Most institutional money managers and asset allocation advisories don't count currencies as an asset class, in that they don't apportion a percentage of their assets exclusively for currency investments. Currency is still a crucial part of all international investors' considerations, but it's usually not treated as a separate asset class by investors other than globally-oriented hedge funds.
Why not? After all, currencies frequently provide a source of significant alpha and uncorrelated returns. And some investors do extremely well in currency investing. For example, in Inside the House of Money, the manager of a significant family investment fund, Falcon Management, says:
- [F]oreign exchange is a whole area of risk premia that none of the real money [long only] funds are earning.
- Back to the smart real money (long-only] funds, Yale has seven asset categories where they look to extract risk premia and Harvard has eleven. The question is, why doesn't Harvard throw in a twelfth category? They should be looking at other uncorrelated markets such as foreign exchange for more sources of risk premia. Once they identify new sources, they can allocate X% and, in a Markowitz sense, run an efficient frontier to come up with what the correct allocation should be. But they don't do it. Asset categories like foreign exchange or options are not thought of as an asset category where risk premia can be earned.

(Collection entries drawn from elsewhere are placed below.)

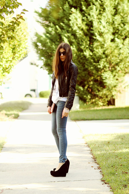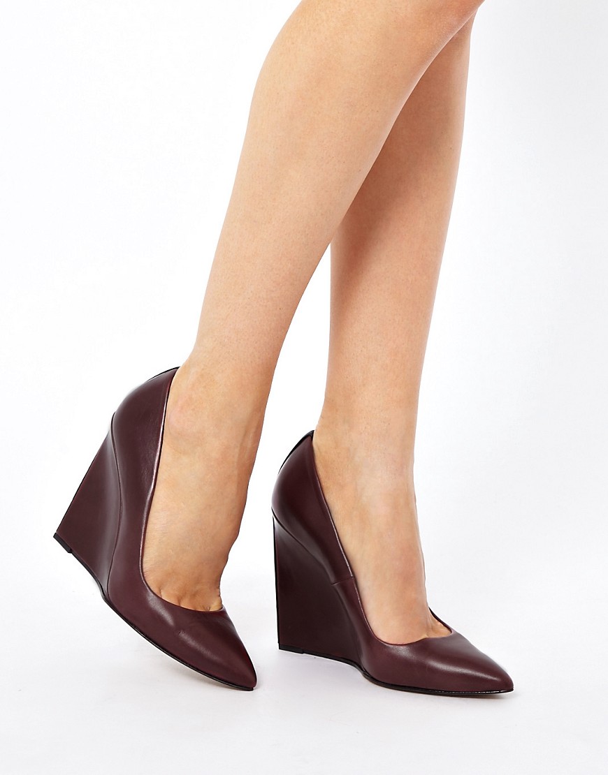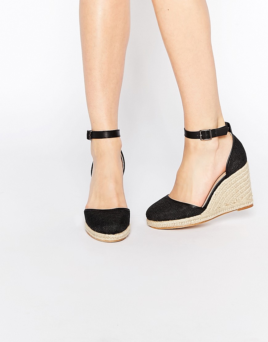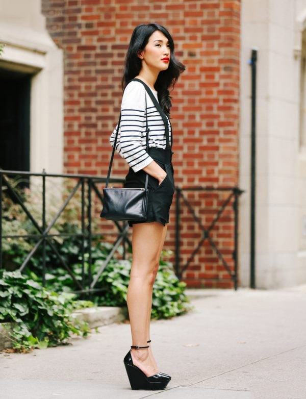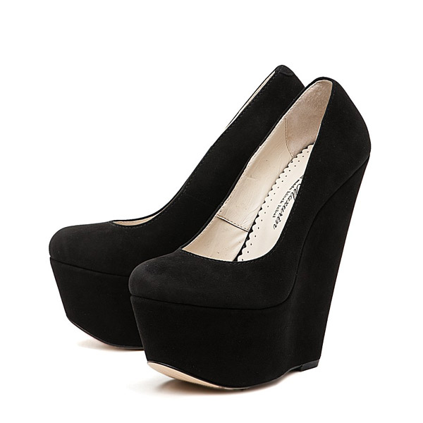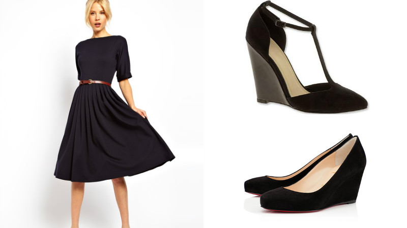 Black wedge shoes with a closed nose combined with any clothing. These can be calm-tone trousers, puffy skirts, white, black, pink and red dresses. Closed black wedge shoes do not fit to tight tight skirts and dresses.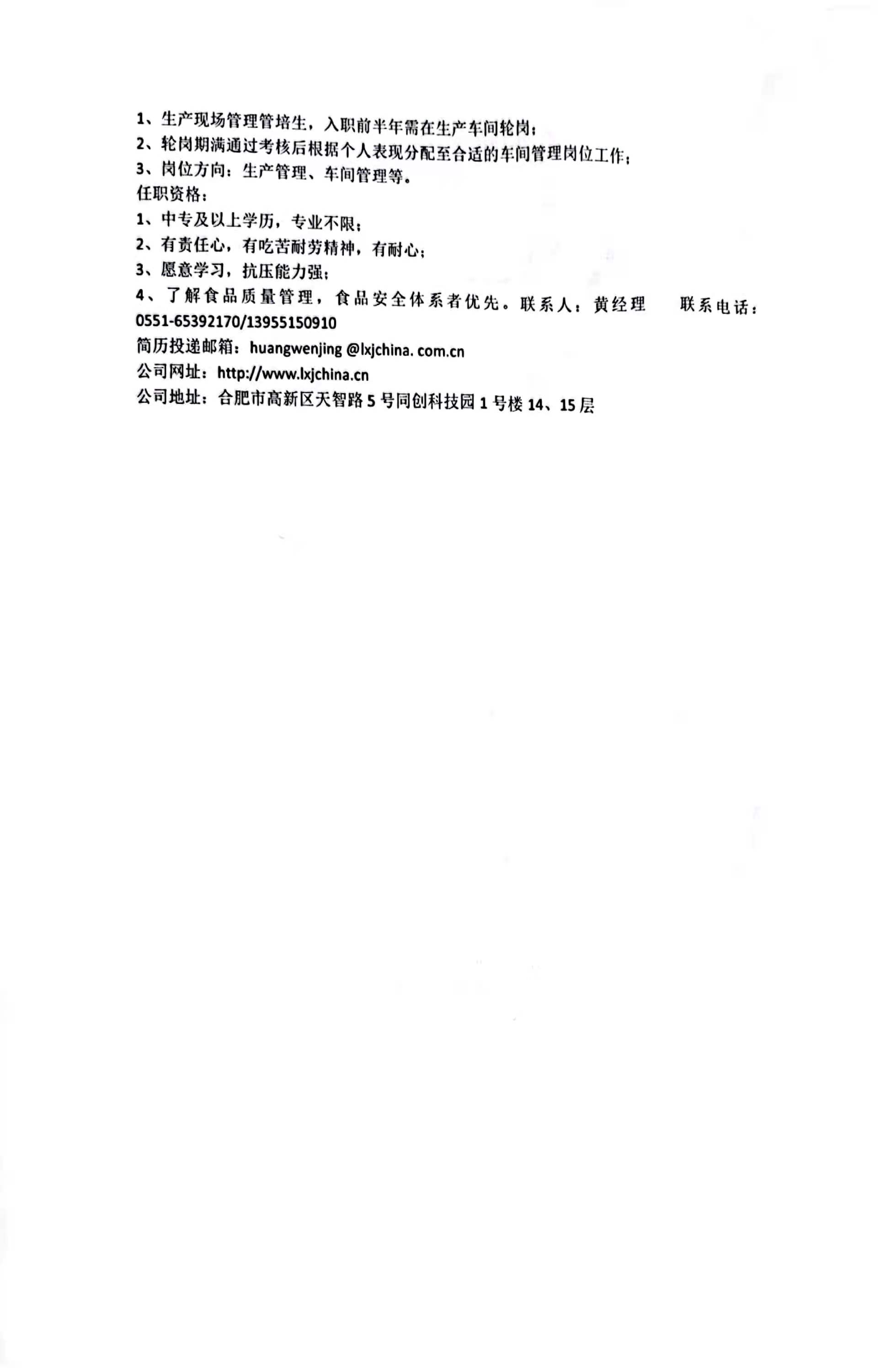 安徽老乡鸡餐饮股份有限公司招聘简章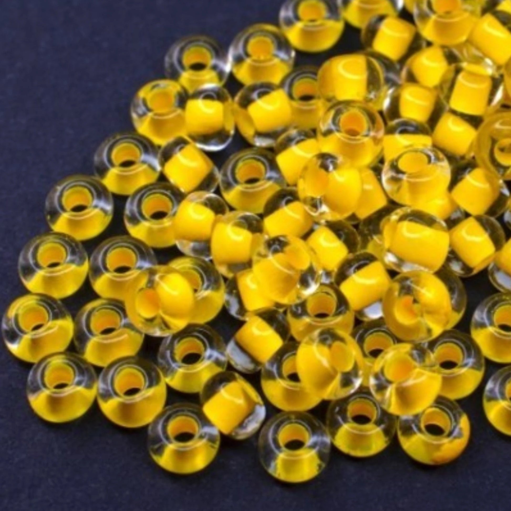 6/0 08A86 Preciosa Czech Glass Koraliki Rocailles 4.1mm. Kryształowe terra intensywne żółte wykończenie.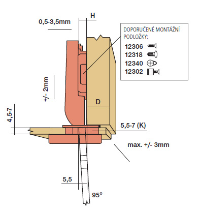 Charniere CLIP top avec angle d'ouverture de 94°, pour porte en verre en applique. Entretoises de base : autres voir catalogue Blum vis a bois 173L6100 - 12306, euro 173L8100 - 12318, réglage excentrique 173H7100 - 12340, expando 174E6100.01 - 12302.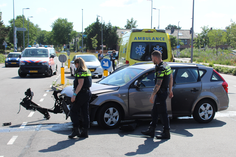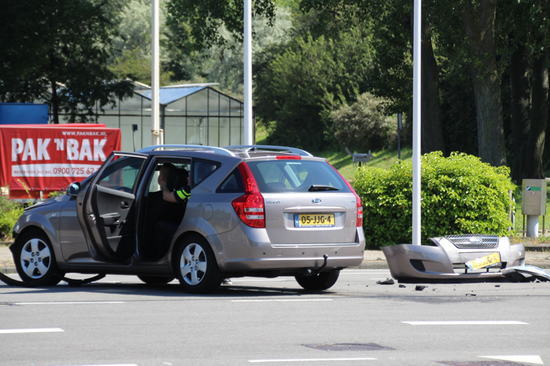 Na onderzoek in de ambulance is de bestuurder niet vervoerd. De inzittenden van de witte Peugeot bleven ongedeerd. Beide voertuigen zijn geborgen door Vreugdenhil. De Kia is naar alle waarschijnlijkheid total loss.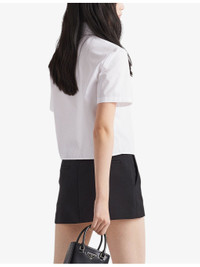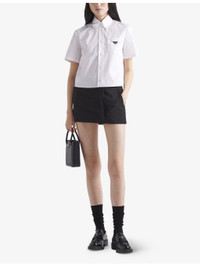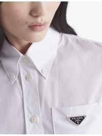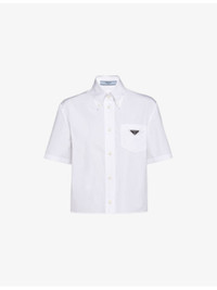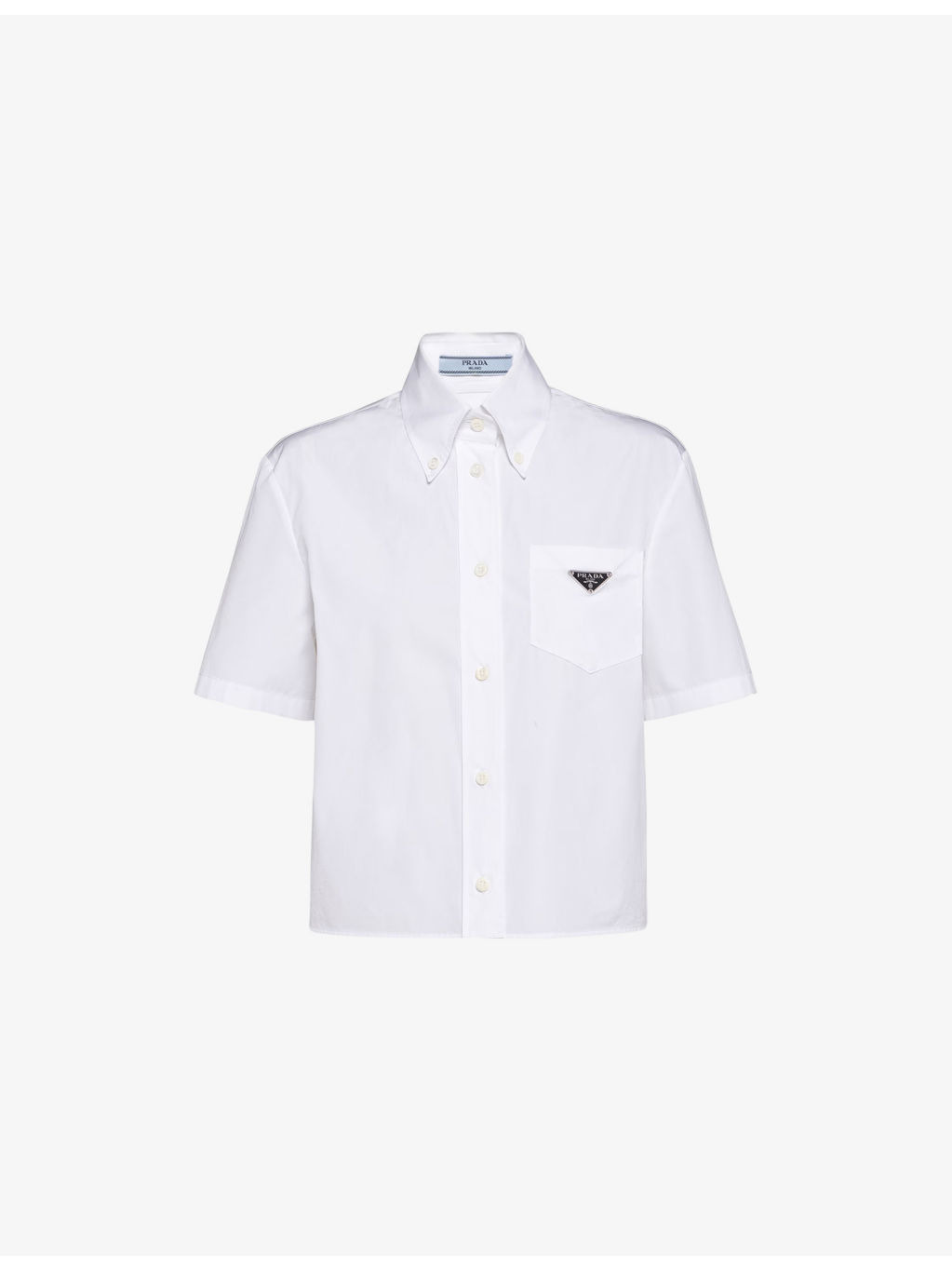 PRODUCT DETAILS - Prada cotton shirt - 100% cotton - Exposed button fastening at front - Regular fit, buttoned collar, short sleeves, triangle brand plaque at front, patch pocket, cropped hem, lined - Hand wash cold - True to size - Lightweight, non-stretch Ref: R04317125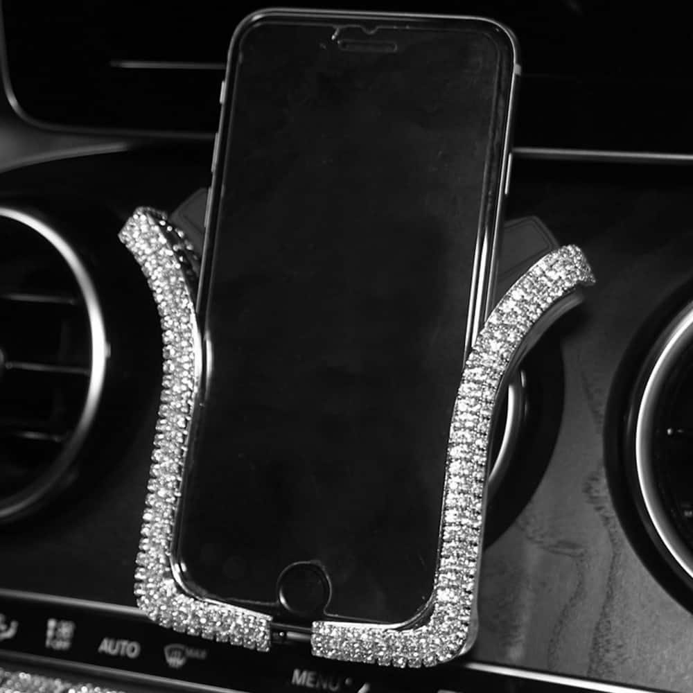 In busy urban roads or bumpy countryside, a car phone holder has multiple uses. It keeps your hone in place secured and tall. Charging phones become hassle-free and also navigating while driving becomes less stress-free. This U-shaped gravity phone holder comes with a beautiful diamond setting finish. Its holding bars are encrusted with beautiful small diamonds, which makes the phone look aesthetically very pleasing and attractive. It can be easily installed in the car vents and protects the phone from falling. Mobile Phones can also be charged using this car phone holder.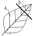 | 一绿色植株在黑暗中放置24小时,选择一片绿叶,把主叶脉剪断(如图所示),然后将植株放在阳光下照射2~4小时,发现B区不能正常制造淀粉,其中原因是B区叶片缺少 |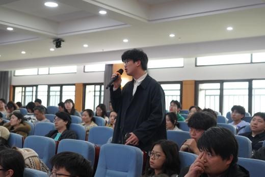 杨立国从多个方面为师生提出建议,包括留学规划、项目选择、语言准备和能力培养等。他特别强调了公派出国项目的申请流程以及关键时间节点,并提醒有意申请的师生尽早做好准备。此外,杨立国还与在场师生进行互动,就大家所关注的问题一一做了解答和说明。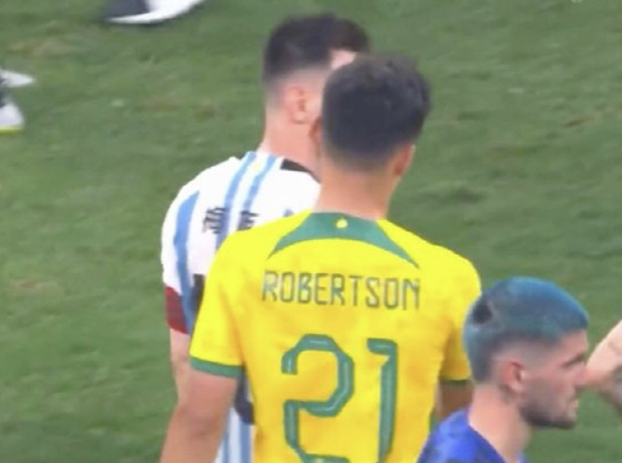 영국 언론 데일리스타는 18일(이하 한국시각) '로버트슨이 리오넬 메시(아르헨티나)와의 친선경기 뒤 유니폼 교환을 원했다. 그는 메시의 유니폼을 잡는 모습이 포착됐다. 로버트슨는 메시를 계속 쫓아갔지만, 결국 포기했다'고 보도했다.

- As a hedge fund, we'll look anywhere for opportunities. The currency markets are a place where global macro hedge funds especially earn risk premia. I can name three risk premia in currencies that I don't think any real money manager has ever attempted to earn on a systematic basis: (1) High yielding versus lower yielding currencies.... 92) Short-dated volatility is too high because of an insurance premium component in short-dated options....(3) Longer-dated options are priced expensively versus future daily volatility, but cheaply versus the drift in the future spot price....
- The large inefficiencies do not get arbitraged out because there's very little capital that actually gets allocated toward extracting value over multiple years. Everybod who's allocating money to hedge funds has monthly or quarterly redemption clauses, which force hedge funds to manage to those liquidity paramaters, and that's not at all the way to wealth.
The traditional reason why currency isn't regarded as an asset class is that there's no "expected return." The currencies taken together are a "zero-sum" game, versus other asset classes where everyone can win. But for some investors, active management of currencies are creating consistently strong returns that institutional asset allocators (such as pension funds, insurance companies, charitable organizations, etc) may stop ignoring.